Trotz des Erreichten müssen wir uns alle auch weiterhin aktiv für unsere Stadt einsetzen.

Die abnehmende Bevölkerungszahl und die Überalterung stellen uns vor besondere Herausforderungen. Beispielweise kämpfen wir für die Verbesserung der regionalen Anbindung der Stadt und der Gemeinden des Amtes Neustadt (Dosse).

Die Wiederherstellung der Zugverbindung nach Neuruppin wird von uns genauso unterstützt wie die bessere Koordinierung der Busverbindungen.

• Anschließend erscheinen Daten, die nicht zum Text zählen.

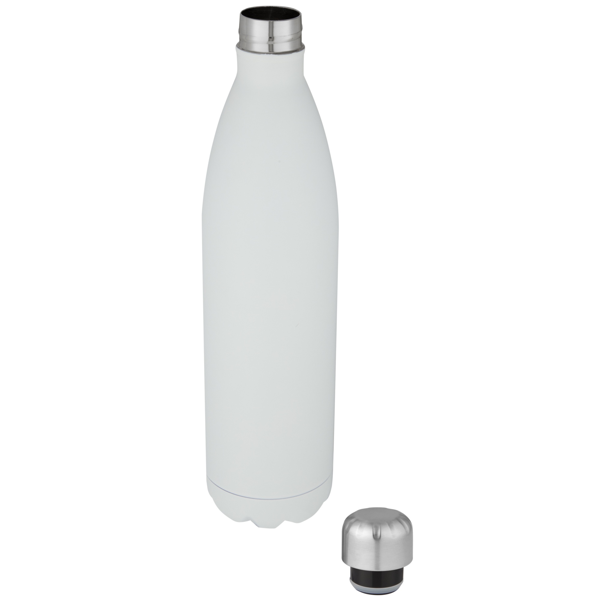 Large vacuum insulated stainless steel bottle with an iconic design. The insulated 18/8 stainless steel keeps drinks hot or cold for several hours. BPA-free, tested and approved under German Food Safe Legislation (LFGB). Tested and approved for phthalates content according to REACH regulations. Volume capacity is 1 litre. Hand wash recommended. Presented in a recycled cardboard gift box.
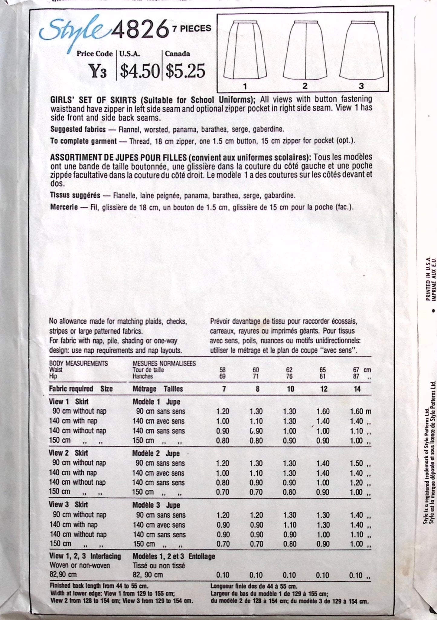 Child’s Skirts: (ideal for school uniforms) These skirts feature a button fastening waistband for ease of wear and a classic look. For added convenience, there's an optional zipper on the left side, ensuring a secure fit. Additionally, you have the option of adding a zipper pocket on the right seam for storing small essentials. With these customisable features, you can create skirts that meet the requirements of any school uniform while providing functionality and style for your child's everyday wear. ©1986.

Außerdem wünschen wir uns eine Absicherung der medizinischen Betreuung und fordern Bund und Land auf, auch alternative Wege zu suchen.

Die Voraussetzung aller Aktivitäten ist jedoch die finanzielle Ausstattung in der Stadt. Nur mit Zuweisungen des Landes kann unsere Stadt nicht existieren. Wir brauchen starke Betriebe und eine florierende Wirtschaft. Wir unterstützen daher die Bemühungen des Kleeblattes bei der Wirtschaftsförderung und Regionalentwicklung. In enger Zusammenarbeit mit der Stiftung Brandenburgisches Haupt- und Landgestüt wollen wir die Entwicklung des Tourismus in unserer Region stärken. Wir setzen dabei insbesondere auf die intakte Natur und die Weitläufigkeit unserer Landschaft.

Dazu gehört auch unser Einsatz für die friedliche Nutzung der Kyritz-Ruppiner Heide. Neben den Angeboten für Reiter und Radfahrer wollen wir auch für Wanderer und Wassersportler noch attraktiver werden.

Mit unseren erfahrenen Stadtverordneten Ute König und Karsten Langner kann sofort kontinuierlich und konstruktiv weitergearbeitet werden. Elise Ehrlich hat in den vergangenen fünf Jahren Erfahrungen in der Kommunalpolitik gesammelt und war als Fraktionsvorsitzende tätig. Mit Dr. Karin Forschner, Andrea Lüer, Julia Kittel, Linda Kittel und Norbert Großmann treten Kandidatinnen und Kandidaten mit neuen Ideen an.

Sabine Ehrlich möchte die Interessen der Stadt und der Ortsteile weiterhin als Bürgermeisterin vertreten und kandidiert gleichzeitig für den Kreistag Ostprignitz-Ruppin.

Wählen Sie am 28. September 2008 unsere Kandidatinnen und Kandidaten!